ALMASim is a library-first Python environment for simulating ALMA observations, exploring ALMA metadata, downloading science products, and building ML-ready radio/mm-wave datasets.
It provides reusable services in src/almasim that can be driven by CLI scripts, Jupyter notebooks, a FastAPI backend, or direct Python code — all through the same staged API.
- Key Capabilities
- Architecture
- Installation
- Quick Start
- Staged Simulation API
- Skymodels
- Compute Backends
- Metadata and Downloads
- Backend Service
- Examples
- Documentation
- Contributing
- License
Simulation
- Build clean sky cubes from point, Gaussian, extended, molecular-cloud, diffuse, Galaxy Zoo, and Hubble-100 source models
- Simulate single-pointing ALMA interferometric observations with multi-configuration support (12m, 7m, TP)

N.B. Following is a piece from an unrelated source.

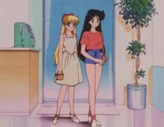 Minako uses her Crescent Compact to acquire a T·A Girl's Academy Uniform. Even though Rei warns her not to be too rambunctious, she gets into trouble and Rei has to apologize for her multiple times. During a volleyball game, Minako runs off to find the ball which had gotten lost in the bushes. She finds an old well, and opening it gets her all dusty and dirty. She takes the ball back to the main school grounds, and overhears Rei talking with her classmates. Minako thinks that Rei is like a total stranger.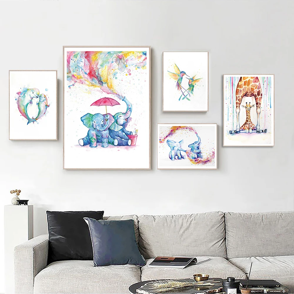 Художественный плакат с милыми животными, пеной, белугой, живопись, принты, колибри, жираф, холст, живопись, слон, Настенная картина, детская комната De

- PWV-aware per-channel noise model
- Additive astrophysical background sky — faint dusty galaxies, diffuse emission, or combined
- Optional serendipitous source injection
- Iterative CLEAN-style deconvolution with resumable state
- TP+INT feather-style image combination
Data Products
- Dirty cube, dirty visibilities, beam cube, UV mask cube, U/V coordinate cubes
- Interferometric, total-power, and combined TP+INT image cubes
- ML-ready HDF5 shards (clean cube + dirty cube + dirty visibilities + UV mask + metadata)
- Native MeasurementSet (
.ms) export via CASA tools or python-casacore
Metadata and Archive
- Query ALMA observations via TAP with rich inclusion/exclusion filters
- Normalise TAP columns into stable application fields
- Resolve DataLink products, download ALMA data products with parallel support
- Unpack raw ASDMs into MeasurementSets
- Apply delivered calibration to produce calibrated science MSs
Compute
- Synchronous, local multiprocess, Dask, Slurm, and Kubernetes backends
- Backend-agnostic simulation service layer
src/almasim/ ← installable library (pip install almasim)
services/
simulation.py ← staged pipeline entry points
interferometry/ ← UV sampling, baselines, noise, TP
imaging/ ← deconvolution, TP+INT combination
metadata/ ← TAP queries, normalisation
products/ ← MS export, HDF5 shards, cube export
compute/ ← backend abstraction
archive/ ← ASDM unpack, calibration apply
astro/ ← spectral lines, redshift, parameters
skymodels/ ← source model implementations
backend/ ← FastAPI service (Docker: ghcr.io/…/almasim-backend)
frontend/ ← Svelte UI (requires Docker Compose)
examples/ ← CLI scripts and Jupyter notebooks
The library layer owns all domain logic. The backend is a thin adapter over library services. CLI scripts and notebooks call the same staged services directly.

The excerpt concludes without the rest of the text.